Exercise data
- - - - -
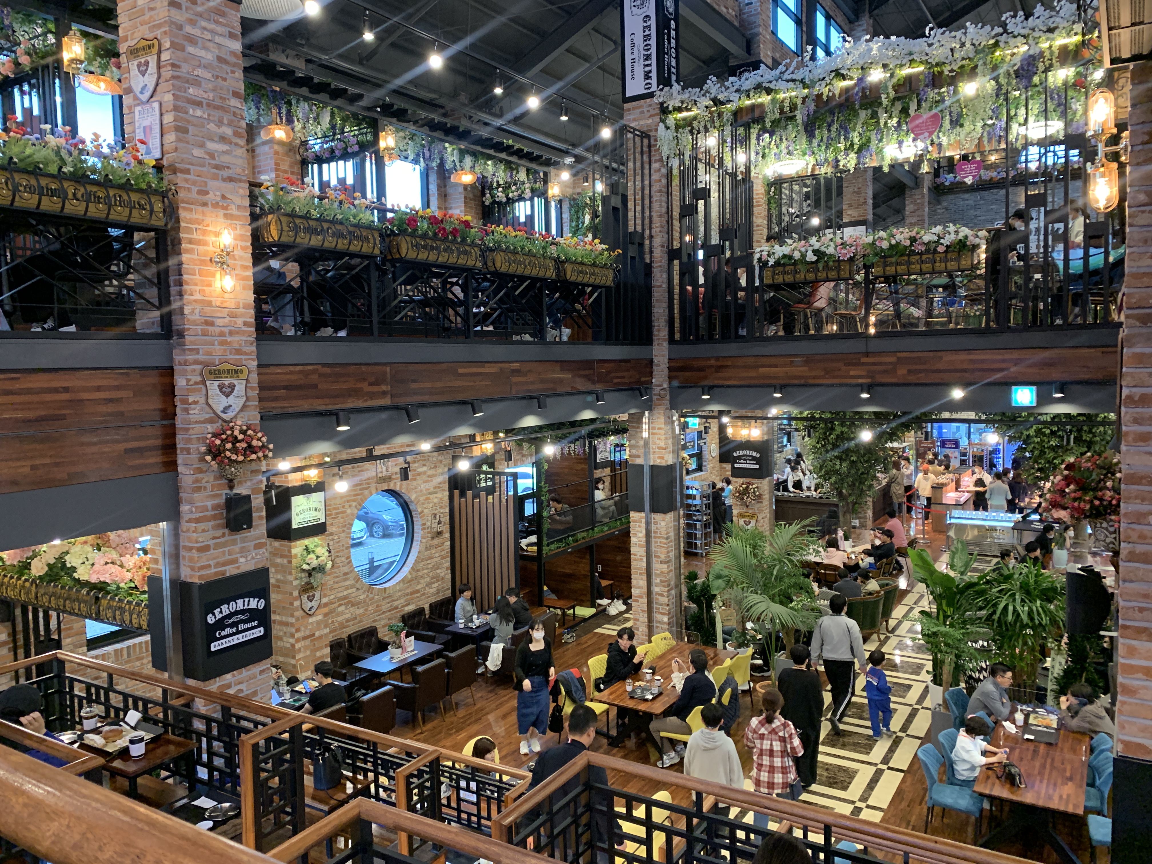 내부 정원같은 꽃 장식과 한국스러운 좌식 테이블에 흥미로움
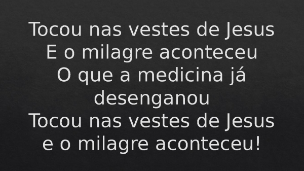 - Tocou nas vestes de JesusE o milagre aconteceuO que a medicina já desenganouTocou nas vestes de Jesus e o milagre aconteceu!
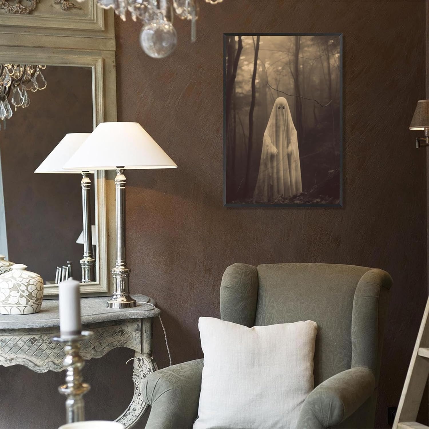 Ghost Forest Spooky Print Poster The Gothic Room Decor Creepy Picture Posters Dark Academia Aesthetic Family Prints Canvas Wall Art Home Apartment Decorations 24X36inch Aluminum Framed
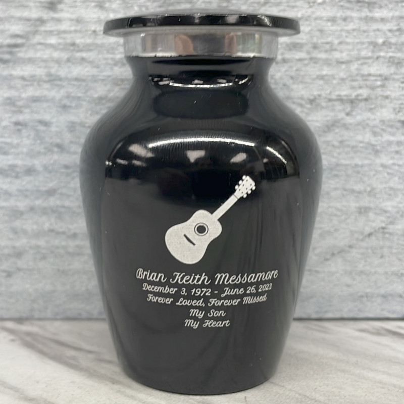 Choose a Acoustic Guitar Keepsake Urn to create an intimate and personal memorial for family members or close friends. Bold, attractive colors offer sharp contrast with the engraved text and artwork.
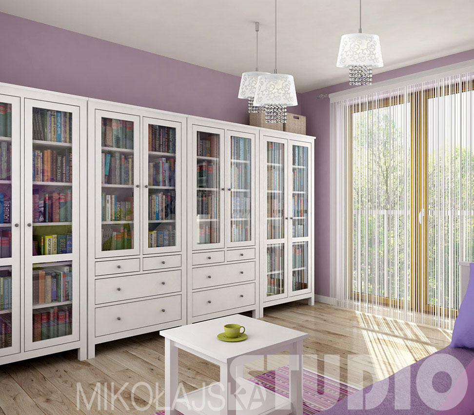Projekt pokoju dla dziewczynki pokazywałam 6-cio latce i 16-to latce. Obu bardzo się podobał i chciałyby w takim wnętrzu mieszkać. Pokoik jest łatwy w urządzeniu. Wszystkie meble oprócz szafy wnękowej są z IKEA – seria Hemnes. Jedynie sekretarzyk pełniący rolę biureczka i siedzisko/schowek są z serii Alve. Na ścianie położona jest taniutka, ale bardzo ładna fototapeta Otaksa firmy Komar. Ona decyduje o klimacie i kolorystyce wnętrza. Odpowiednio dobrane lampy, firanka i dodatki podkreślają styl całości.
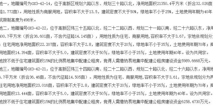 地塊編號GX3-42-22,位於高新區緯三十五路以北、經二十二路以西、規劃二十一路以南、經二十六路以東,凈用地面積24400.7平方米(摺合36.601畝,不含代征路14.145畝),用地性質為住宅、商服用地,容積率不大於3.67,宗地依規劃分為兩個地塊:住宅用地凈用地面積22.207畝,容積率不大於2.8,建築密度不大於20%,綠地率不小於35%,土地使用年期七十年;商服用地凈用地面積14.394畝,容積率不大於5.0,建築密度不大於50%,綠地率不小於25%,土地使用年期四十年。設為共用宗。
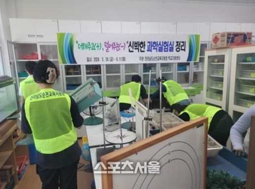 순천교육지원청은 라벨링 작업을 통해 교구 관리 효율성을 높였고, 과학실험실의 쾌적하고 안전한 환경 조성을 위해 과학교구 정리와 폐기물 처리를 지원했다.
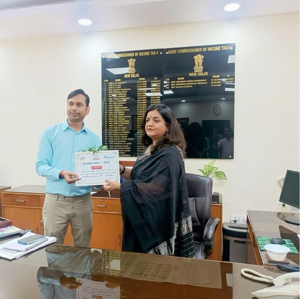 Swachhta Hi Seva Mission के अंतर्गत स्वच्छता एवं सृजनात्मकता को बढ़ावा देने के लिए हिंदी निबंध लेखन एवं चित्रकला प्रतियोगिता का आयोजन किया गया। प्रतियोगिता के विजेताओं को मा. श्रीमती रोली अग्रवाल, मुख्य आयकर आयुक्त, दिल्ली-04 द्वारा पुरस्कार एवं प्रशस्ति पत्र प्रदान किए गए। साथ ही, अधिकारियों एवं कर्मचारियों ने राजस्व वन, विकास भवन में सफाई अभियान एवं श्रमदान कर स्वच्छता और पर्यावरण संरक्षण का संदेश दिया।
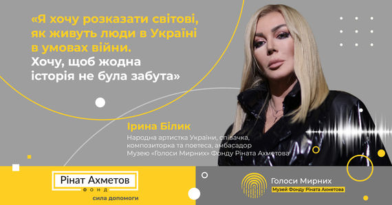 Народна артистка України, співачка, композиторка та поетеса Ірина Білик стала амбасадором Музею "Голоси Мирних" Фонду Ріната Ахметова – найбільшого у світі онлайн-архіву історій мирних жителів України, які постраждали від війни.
- - - - -
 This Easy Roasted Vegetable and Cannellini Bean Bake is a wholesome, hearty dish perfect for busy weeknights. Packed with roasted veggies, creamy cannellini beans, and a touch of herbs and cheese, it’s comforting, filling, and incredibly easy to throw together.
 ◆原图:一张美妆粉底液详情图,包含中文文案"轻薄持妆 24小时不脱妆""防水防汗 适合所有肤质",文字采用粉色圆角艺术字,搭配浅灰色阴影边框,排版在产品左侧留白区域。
- - - - -
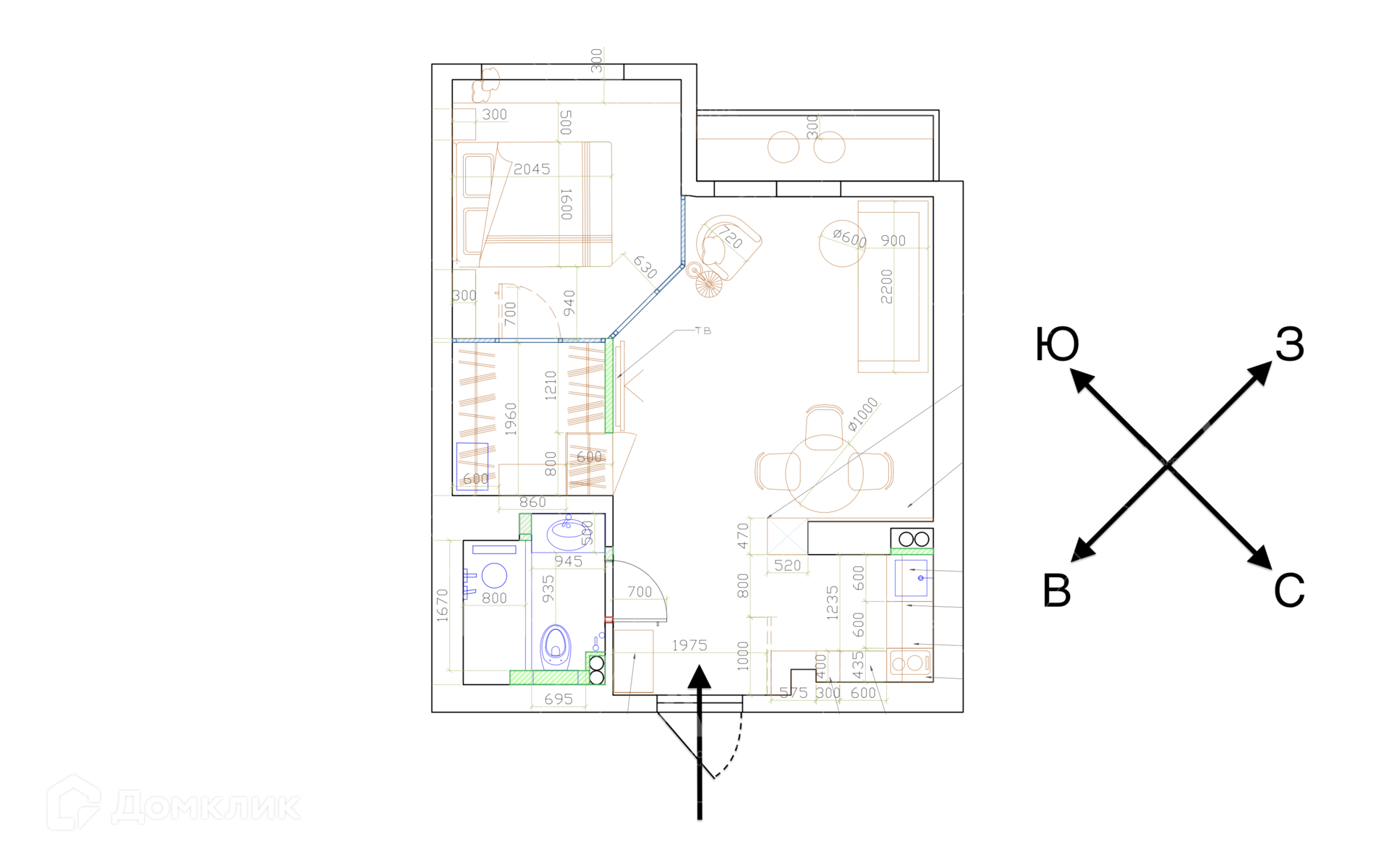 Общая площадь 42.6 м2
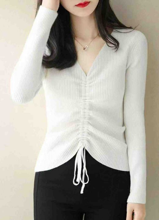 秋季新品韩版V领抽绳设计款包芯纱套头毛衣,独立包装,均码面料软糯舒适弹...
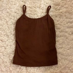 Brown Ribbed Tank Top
- - - - -
What the task requires
Only the lines above from the one containing "내부 정원같은 꽃 장식과 한국스러운 좌식 테이블에 흥미로움" through the one containing "- Tocou nas" should be returned, verbatim and inclusive, with pictures excluded.

Worked solution
 내부 정원같은 꽃 장식과 한국스러운 좌식 테이블에 흥미로움
 - Tocou nas vestes de JesusE o milagre aconteceuO que a medicina já desenganouTocou nas vestes de Jesus e o milagre aconteceu!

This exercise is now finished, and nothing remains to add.